Time Series Suppoer Vector Regressor, from tslearn.

Quickstart

python
from sktime.regression.kernel_based import TimeSeriesSVRTslearn

estimator = TimeSeriesSVRTslearn(C=1.0, kernel='gak', degree=3, gamma='auto', coef0=0.0, shrinking=True, tol=0.001, epsilon=0.1, cache_size=200, n_jobs=None, verbose=0, max_iter=-1)

Parameters(12)

Cfloat, optional (default=1.0)
Penalty parameter C of the error term.
kernelstring, optional (default=’gak’)

Specifies the kernel type to be used in the algorithm. It must be one of ‘gak’ or a kernel accepted by sklearn.svm.SVR. If none is given, ‘gak’ will be used. If a callable is given it is used to pre-compute the kernel matrix from data matrices; that matrix should be an array of shape (n_samples, n_samples).

degreeint, optional (default=3)
Degree of the polynomial kernel function (‘poly’). Ignored by all other kernels.
gammafloat, optional (default=’auto’)

Kernel coefficient for ‘gak’, ‘rbf’, ‘poly’ and ‘sigmoid’. If gamma is ‘auto’ then:

  • for ‘gak’ kernel, it is computed based on a sampling of the training set tslearn.metrics.gamma_soft_dtw

  • for other kernels (eg. ‘rbf’), 1/n_features will be used.

coef0float, optional (default=0.0)
Independent term in kernel function. It is only significant in ‘poly’ and ‘sigmoid’.
tolfloat, optional (default=1e-3)
Tolerance for stopping criterion.
epsilonfloat, optional (default=0.1)
Epsilon in the epsilon-SVR model. It specifies the epsilon-tube within which no penalty is associated in the training loss function with points predicted within a distance epsilon from the actual value.
shrinkingboolean, optional (default=True)
Whether to use the shrinking heuristic.
cache_sizefloat, optional (default=200.0)
Specify the size of the kernel cache (in MB).
n_jobsint or None, optional (default=None)

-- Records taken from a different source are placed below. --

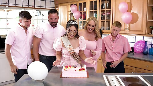 Rough birthday gangbang for a hot brunette - Madison Wilde
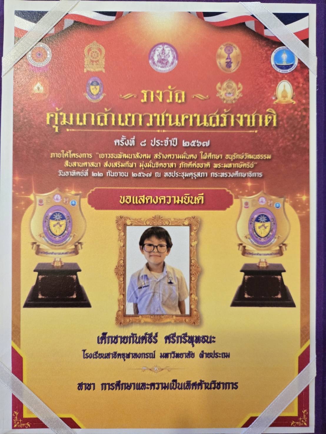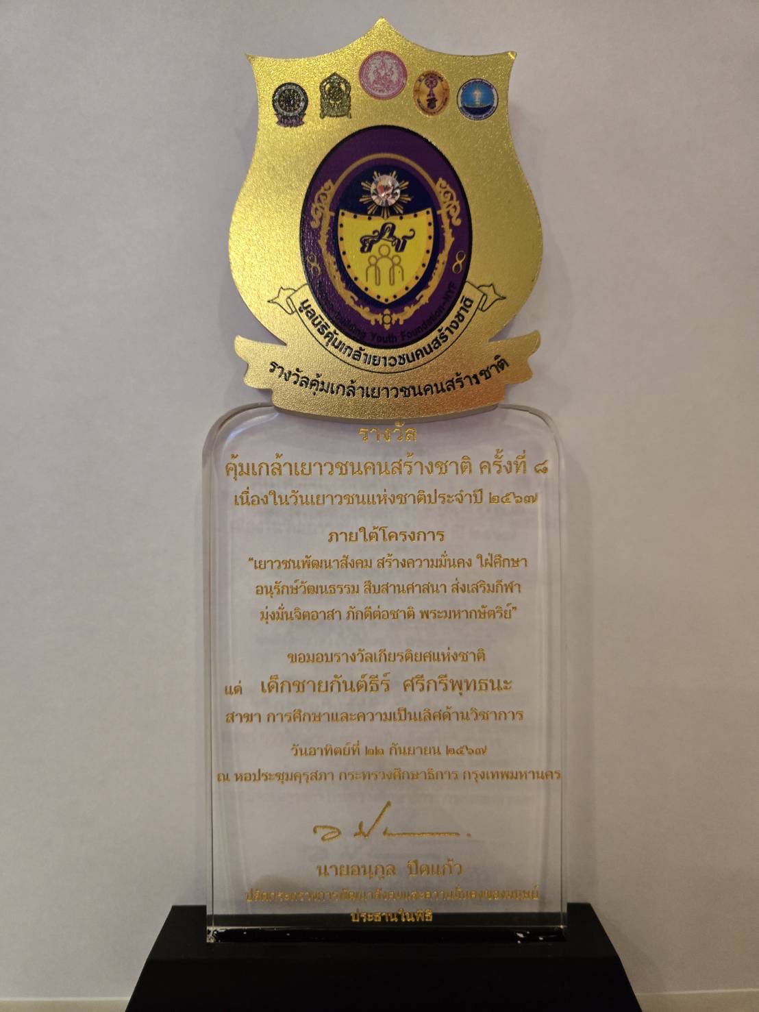 จากมูลนิธิคุ้มเกล้าเยาวชนคนสร้างชาติ ภายใต้โครงการ “เยาวชนพัฒนาสังคม สร้างความมั่นคง ใฝ้ศึกษา อนุรักษ์วัฒนธรรม สืบสานศาสนา ส่งเสริมกีฬา มุ่งมั่นจิตอาสา ภักดีต่อชาติ พระมหากษัตริย์ ” เนื่องในวันเยาวชนแห่งชาติประจำปี ๒๕๖๗
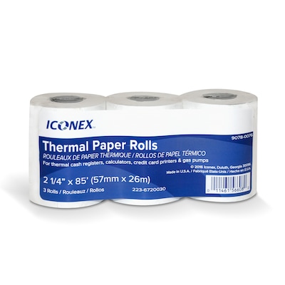 Iconex Thermal Cash Register Paper Rolls, 2 1/4" x 85', BPA Free, 3 Rolls/Pack (9078-0076)
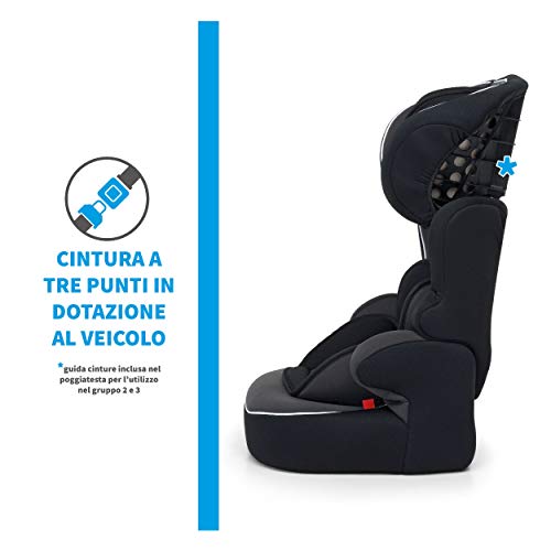 Sedile anatomico con poggiatesta regolabile in altezza (guida cintura inclusa nel poggiatesta per utilizzo gruppo 2 e 3)
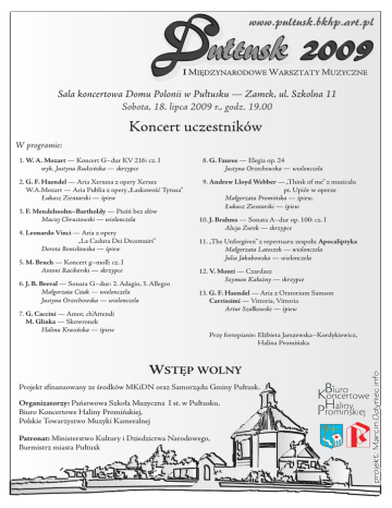 wstęp wolny - Biuro Koncertowe Haliny Promińskiej
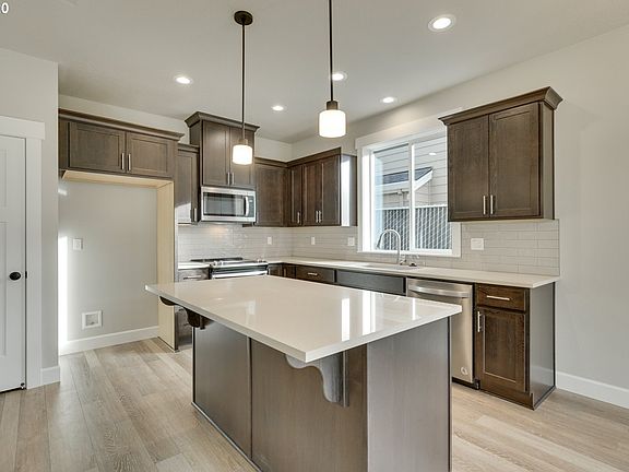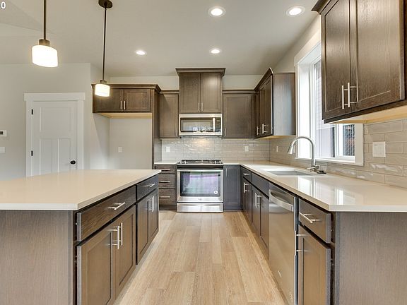 OPEN every weekend 1-4! Great room floor plan with 3 bedrooms and 2 baths Kitchen has upgraded appliances, quartz counters, island and pantry. Vaulted great room, master bedroom and 3rd bedroom. Master with walk in closet and double sinks in bath. Photos are for example only.
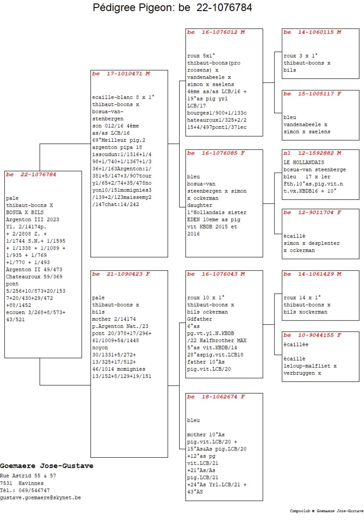 Klik hier voor Afstamming/Pedigree BE22-1076784 '784'

The number of jobs to run in parallel for GAK cross-similarity matrix computations. None means 1 unless in a joblib.parallel_backend context. -1 means using all processors. See scikit-learns’ Glossary for more details.

verboseint, default: 0
Enable verbose output. Note that this setting takes advantage of a per-process runtime setting in libsvm that, if enabled, may not work properly in a multithreaded context.
max_iterint, optional (default=-1)
Hard limit on iterations within solver, or -1 for no limit.